The German chancellor, Angel Merkel, has arrived in southern Turkey to inaugurate the EU aid programme for Syrians in the country, amid concerns that her visit validates Turkey’s creeping authoritarianism and overstates the EU’s humanitarian contribution to the Syrian crisis.
Merkel, along with the European council president, Donald Tusk, and Frans Timmermans, the first vice-president of the European commission, were met on Saturday by the Turkish prime minister, Ahmet Davutoğlu. The delegation will visit a new refugee camp near the border with Syria before visiting a child protection centre.
The visit aims to highlight the initial beneficiaries of the €6bn (£4.7bn) that theEU has pledged to give Turkey over the next few years, in exchange for Ankara readmitting all asylum seekers deported from Greece.
Ahead of the trip, Tusk’s office said: “Disbursements from the EU’s newly established facility for refugees in Turkey are ongoing and the identification and planning for further projects has intensified.”
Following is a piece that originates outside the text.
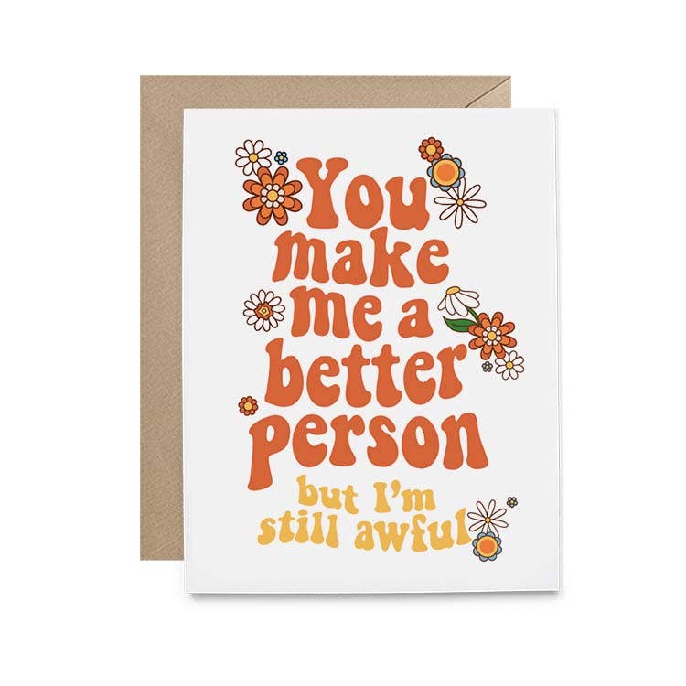 Greeting card with a blank interior. Individually wrapped with a plastic sleeve with a matching envelope. Card measures 4.25 x 5.5.

Merkel’s visit is the latest in a series of moves aimed at getting Turkey to help end the continent’s greatest wave of human movement since the second world war.More than 850,000 refugees entered Europe after leaving Turkey last year, the majority of them ending up in Germany, and Merkel wants Ankara’s support to bring the numbers down. In exchange for Turkish acquiescence, Europe has promised looser visa restrictions for Turks travelling to Europe and agreed to accelerate negotiations over Turkey’s proposed accession to the EU.
But Merkel and her European colleagues have been accused of pandering too much to Turkey, amid calls for stronger international criticism of the government’s crackdown on political opponents.
Can Dündar, one of two prominent Turkish journalists on trial for reporting that Turkey was supplying arms to Syrian rebels, said Merkel was betraying the principles of democracy and free speech. Writing in the German weekly Der Spiegel on Saturday, Dündar accused the chancellor of selling out Turkish civil society by giving President Recep Tayyip Erdoğan a free pass over his curbs on political freedom.